Begin at the top of the entries below and write out every line through the one containing "Een kussen met", excluding pictures.

(Records from a data source)
- - -

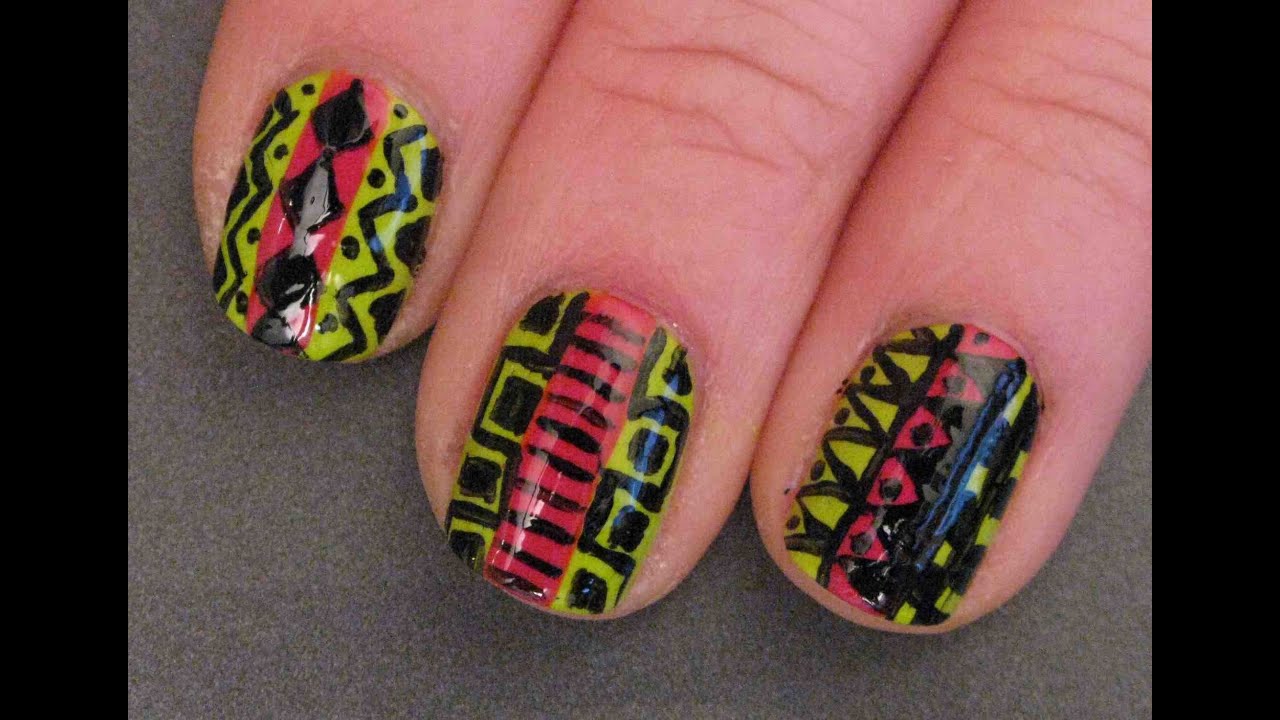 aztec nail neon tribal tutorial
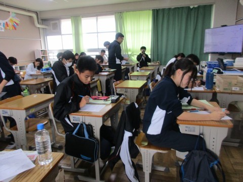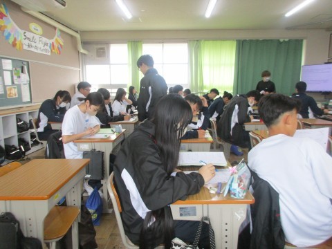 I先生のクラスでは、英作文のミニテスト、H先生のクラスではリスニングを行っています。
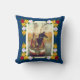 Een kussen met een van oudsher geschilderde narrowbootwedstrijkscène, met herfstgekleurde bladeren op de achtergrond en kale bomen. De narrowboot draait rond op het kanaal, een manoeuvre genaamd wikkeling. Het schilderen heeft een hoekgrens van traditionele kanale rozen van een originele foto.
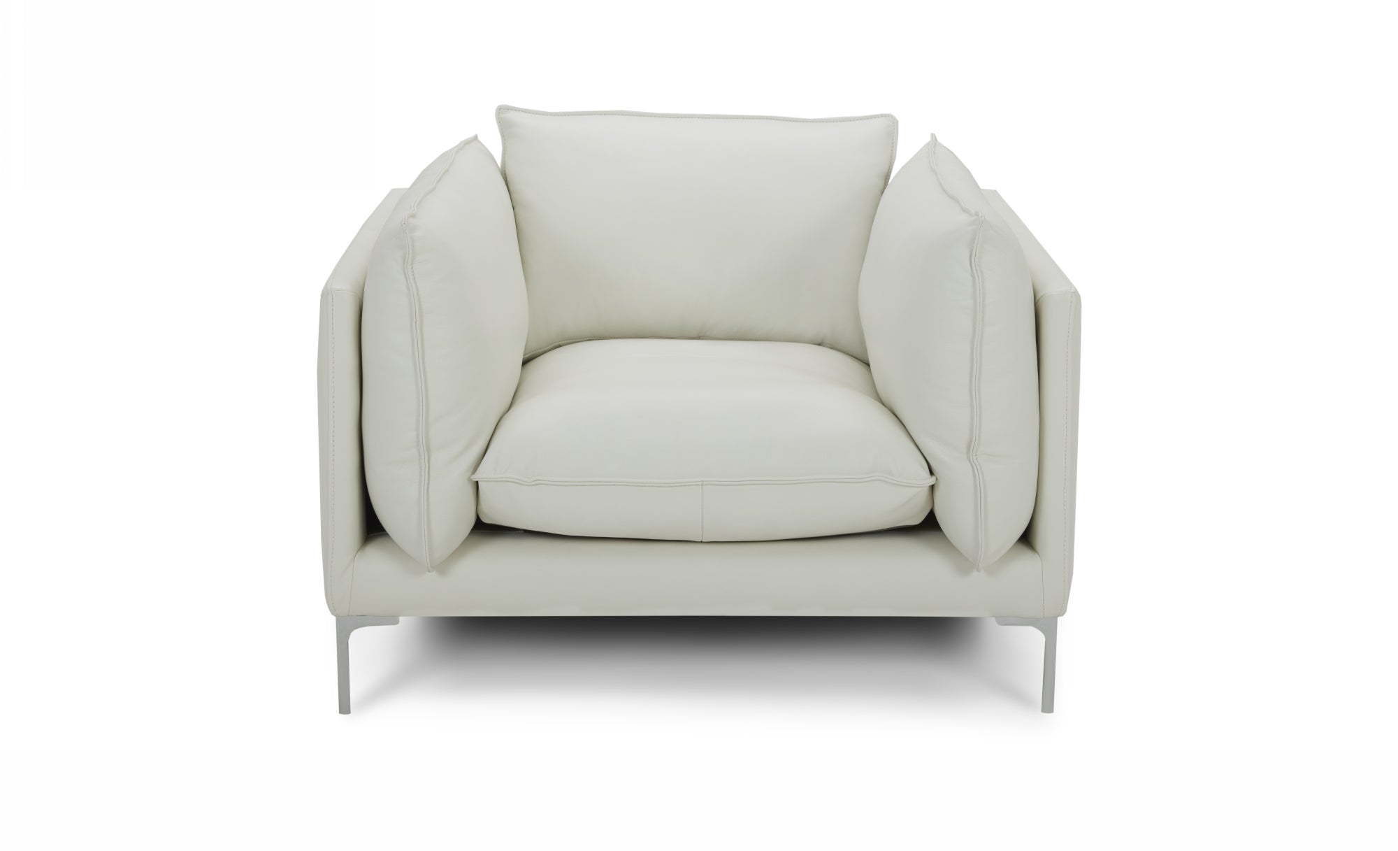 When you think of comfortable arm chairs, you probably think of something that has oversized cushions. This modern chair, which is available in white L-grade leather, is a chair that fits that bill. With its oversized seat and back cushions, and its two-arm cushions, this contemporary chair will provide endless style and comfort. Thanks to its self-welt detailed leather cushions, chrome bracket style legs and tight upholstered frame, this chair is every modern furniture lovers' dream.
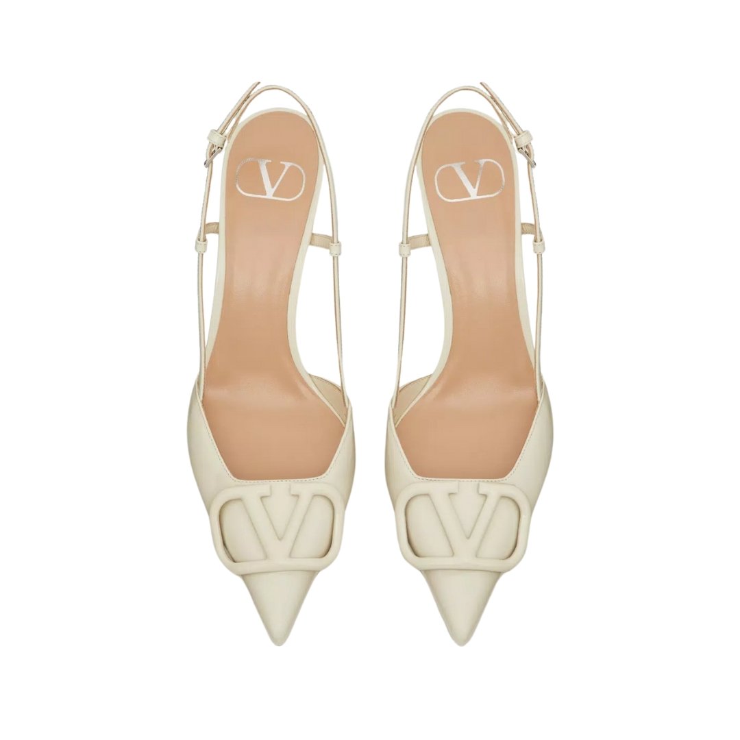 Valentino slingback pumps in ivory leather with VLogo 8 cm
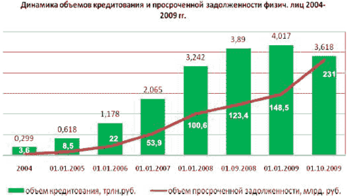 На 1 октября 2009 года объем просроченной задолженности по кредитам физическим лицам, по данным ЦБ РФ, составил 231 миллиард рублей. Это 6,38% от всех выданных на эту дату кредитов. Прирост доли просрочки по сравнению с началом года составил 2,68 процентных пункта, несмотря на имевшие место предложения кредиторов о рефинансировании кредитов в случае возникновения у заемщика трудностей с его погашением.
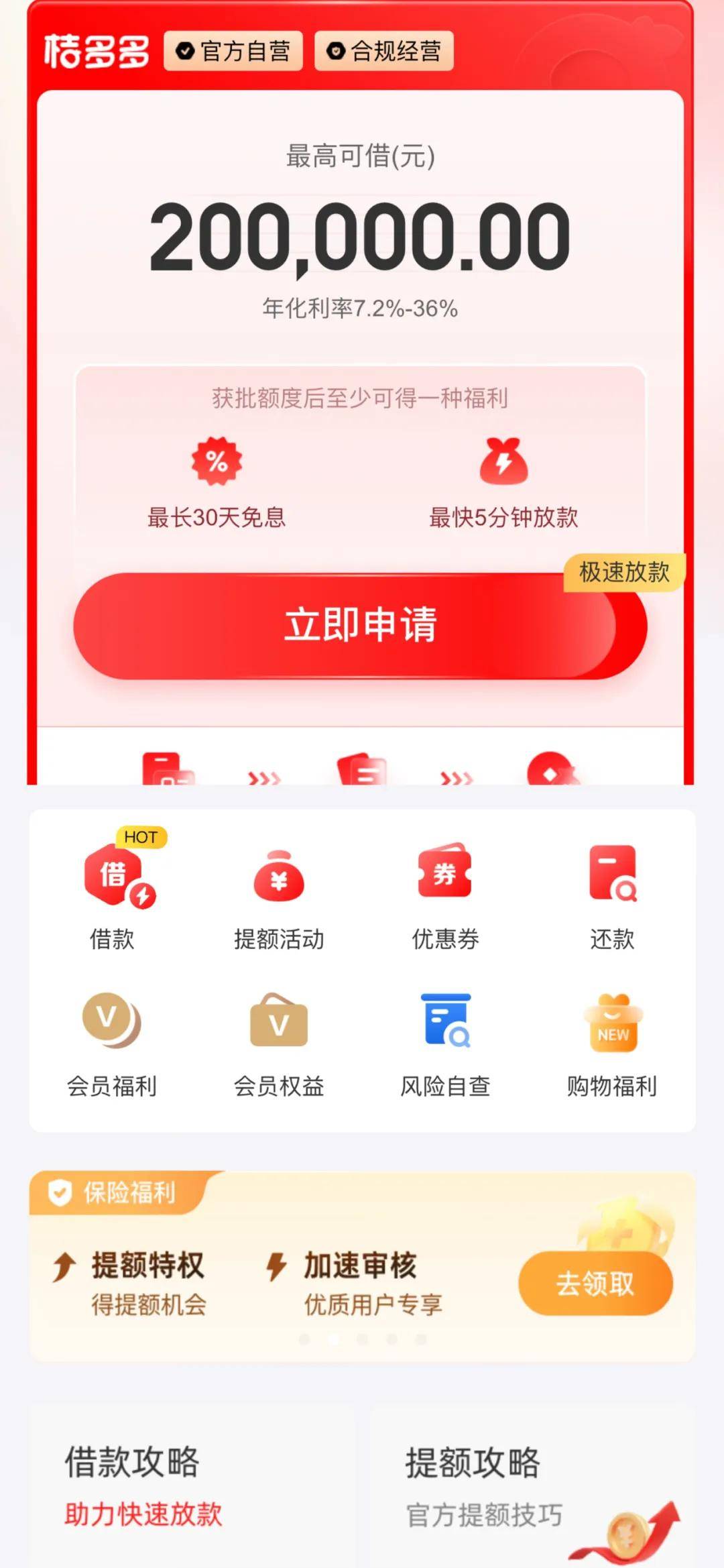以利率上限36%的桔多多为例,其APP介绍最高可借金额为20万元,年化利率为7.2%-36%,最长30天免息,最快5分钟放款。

- - -

◆ **Solved exercise**:
 aztec nail neon tribal tutorial
 I先生のクラスでは、英作文のミニテスト、H先生のクラスではリスニングを行っています。
 Een kussen met een van oudsher geschilderde narrowbootwedstrijkscène, met herfstgekleurde bladeren op de achtergrond en kale bomen. De narrowboot draait rond op het kanaal, een manoeuvre genaamd wikkeling. Het schilderen heeft een hoekgrens van traditionele kanale rozen van een originele foto.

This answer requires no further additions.